> _What is needed_: In the copy, include every entry exactly but none of the pictures.

** Records supplied follows **

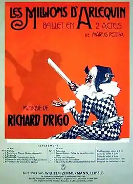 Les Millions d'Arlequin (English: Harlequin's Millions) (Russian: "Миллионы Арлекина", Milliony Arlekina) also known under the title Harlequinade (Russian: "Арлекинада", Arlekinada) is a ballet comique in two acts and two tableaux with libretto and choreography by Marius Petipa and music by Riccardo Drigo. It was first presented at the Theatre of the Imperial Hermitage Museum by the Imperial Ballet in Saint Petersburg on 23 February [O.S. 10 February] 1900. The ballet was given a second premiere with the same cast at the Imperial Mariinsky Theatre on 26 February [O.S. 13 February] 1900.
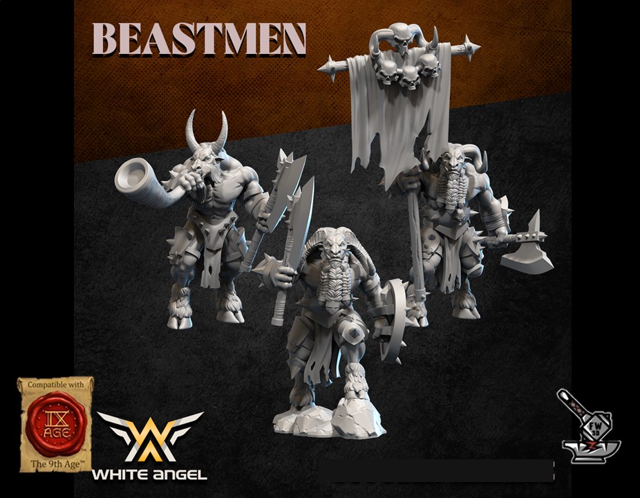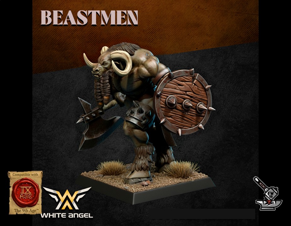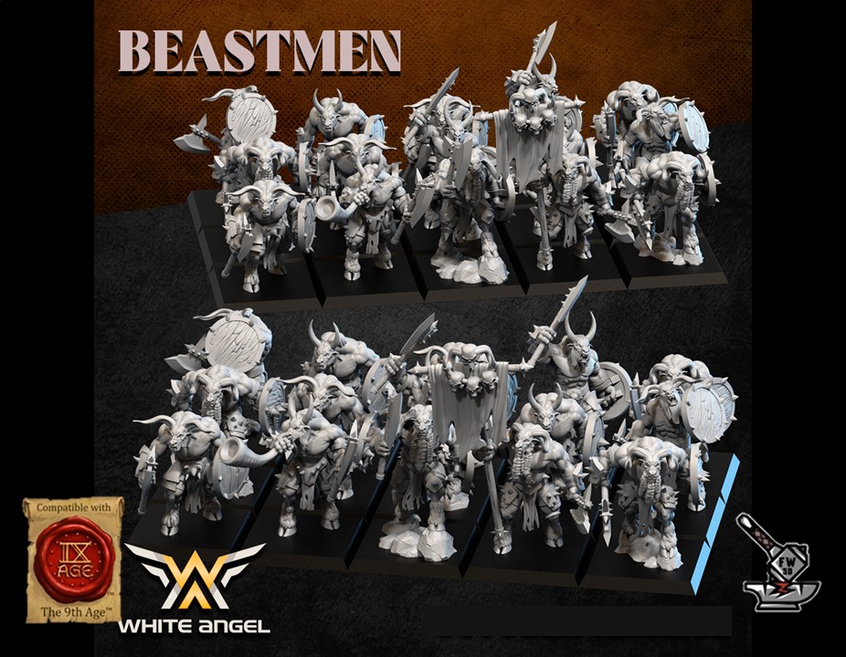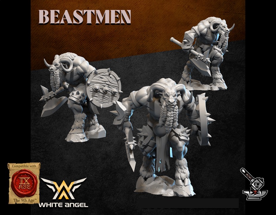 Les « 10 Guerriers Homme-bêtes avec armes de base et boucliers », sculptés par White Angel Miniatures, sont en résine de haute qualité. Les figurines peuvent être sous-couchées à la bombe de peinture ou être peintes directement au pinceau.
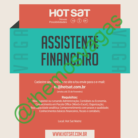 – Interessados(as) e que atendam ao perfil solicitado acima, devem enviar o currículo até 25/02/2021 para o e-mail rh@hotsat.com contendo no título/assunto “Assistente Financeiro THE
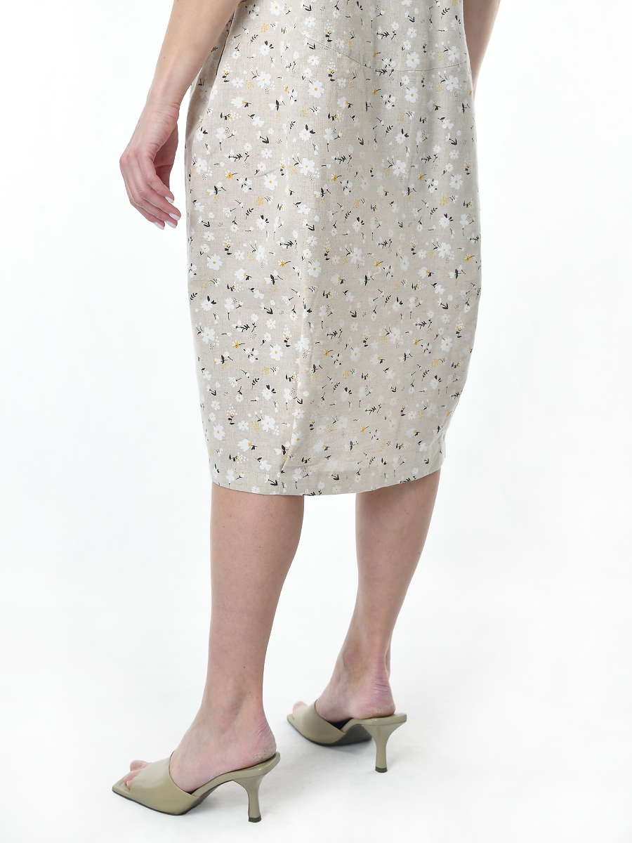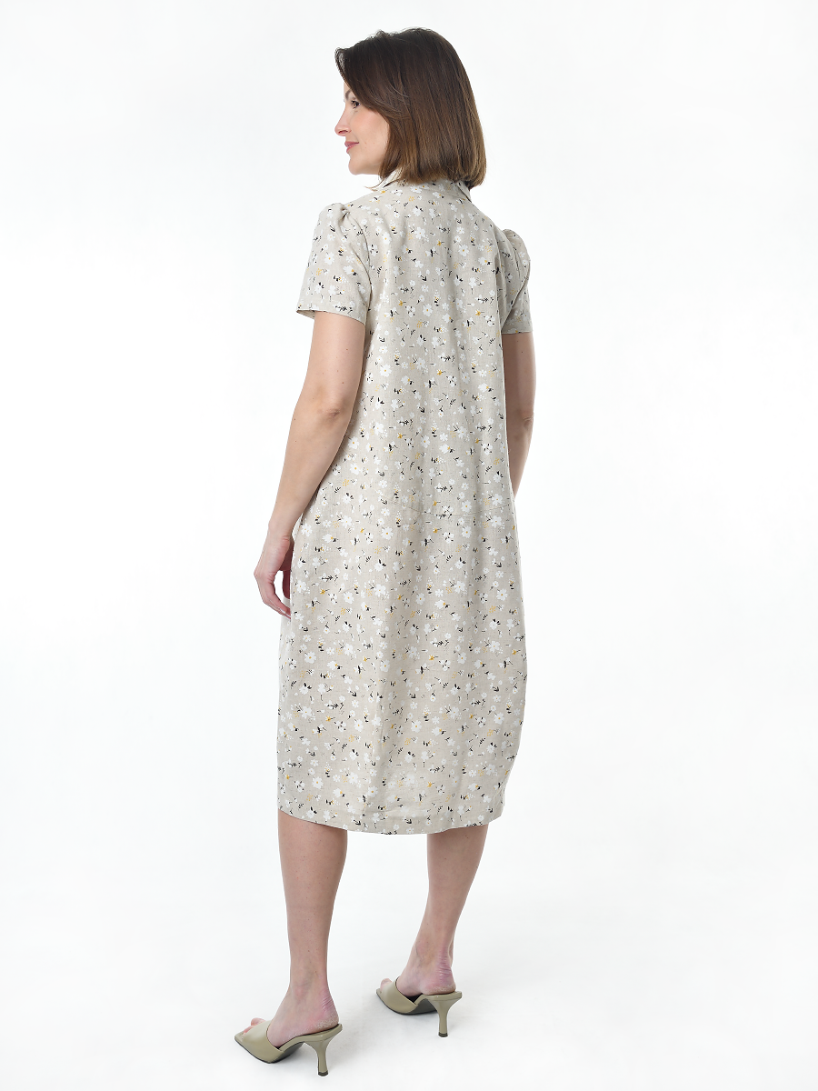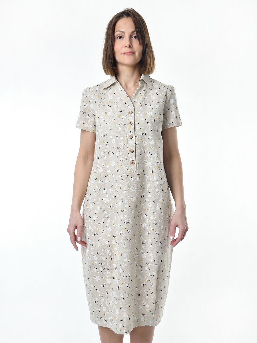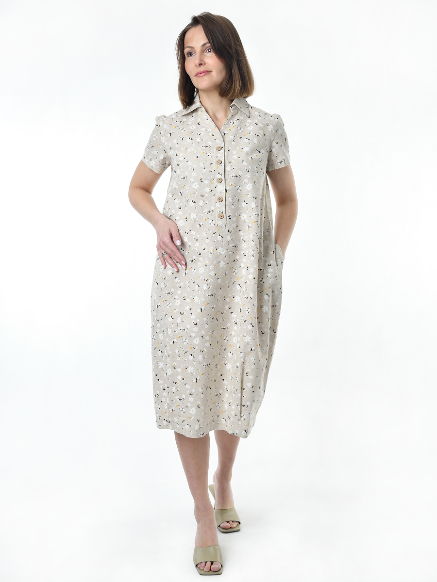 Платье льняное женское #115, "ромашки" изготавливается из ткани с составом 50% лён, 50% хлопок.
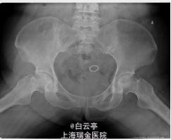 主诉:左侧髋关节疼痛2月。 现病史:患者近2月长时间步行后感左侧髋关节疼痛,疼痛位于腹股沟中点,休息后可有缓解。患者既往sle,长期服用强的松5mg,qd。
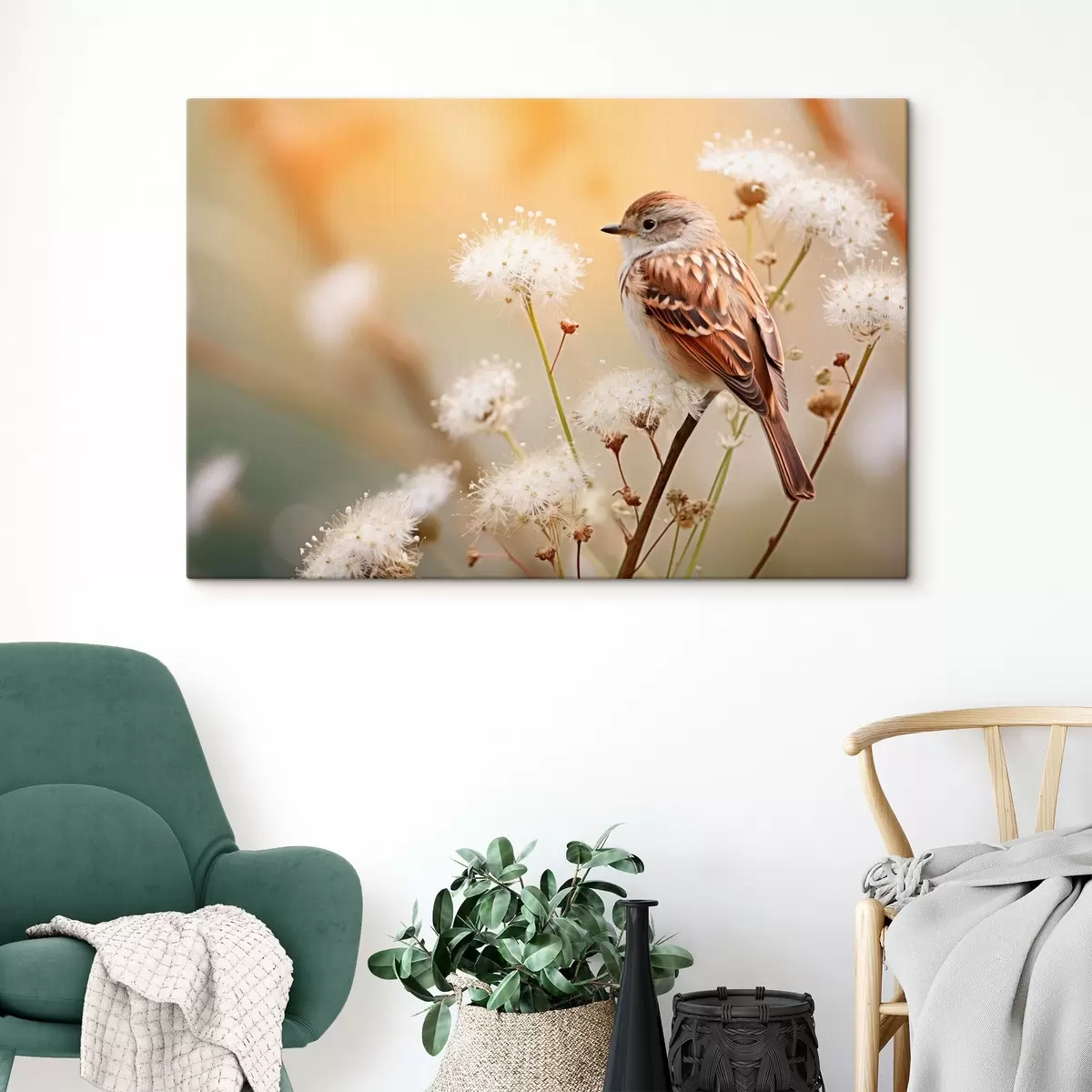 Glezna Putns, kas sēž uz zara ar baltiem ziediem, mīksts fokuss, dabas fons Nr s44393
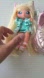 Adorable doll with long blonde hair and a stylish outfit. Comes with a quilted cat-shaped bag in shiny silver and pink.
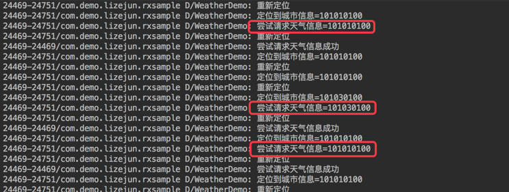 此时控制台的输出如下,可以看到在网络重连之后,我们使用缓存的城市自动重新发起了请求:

** End of Records supplied **

> _Your response_:
 Les Millions d'Arlequin (English: Harlequin's Millions) (Russian: "Миллионы Арлекина", Milliony Arlekina) also known under the title Harlequinade (Russian: "Арлекинада", Arlekinada) is a ballet comique in two acts and two tableaux with libretto and choreography by Marius Petipa and music by Riccardo Drigo. It was first presented at the Theatre of the Imperial Hermitage Museum by the Imperial Ballet in Saint Petersburg on 23 February [O.S. 10 February] 1900. The ballet was given a second premiere with the same cast at the Imperial Mariinsky Theatre on 26 February [O.S. 13 February] 1900.
 Les « 10 Guerriers Homme-bêtes avec armes de base et boucliers », sculptés par White Angel Miniatures, sont en résine de haute qualité. Les figurines peuvent être sous-couchées à la bombe de peinture ou être peintes directement au pinceau.
 – Interessados(as) e que atendam ao perfil solicitado acima, devem enviar o currículo até 25/02/2021 para o e-mail rh@hotsat.com contendo no título/assunto “Assistente Financeiro THE
 Платье льняное женское #115, "ромашки" изготавливается из ткани с составом 50% лён, 50% хлопок.
 主诉:左侧髋关节疼痛2月。 现病史:患者近2月长时间步行后感左侧髋关节疼痛,疼痛位于腹股沟中点,休息后可有缓解。患者既往sle,长期服用强的松5mg,qd。
 Glezna Putns, kas sēž uz zara ar baltiem ziediem, mīksts fokuss, dabas fons Nr s44393
 Adorable doll with long blonde hair and a stylish outfit. Comes with a quilted cat-shaped bag in shiny silver and pink.
 此时控制台的输出如下,可以看到在网络重连之后,我们使用缓存的城市自动重新发起了请求:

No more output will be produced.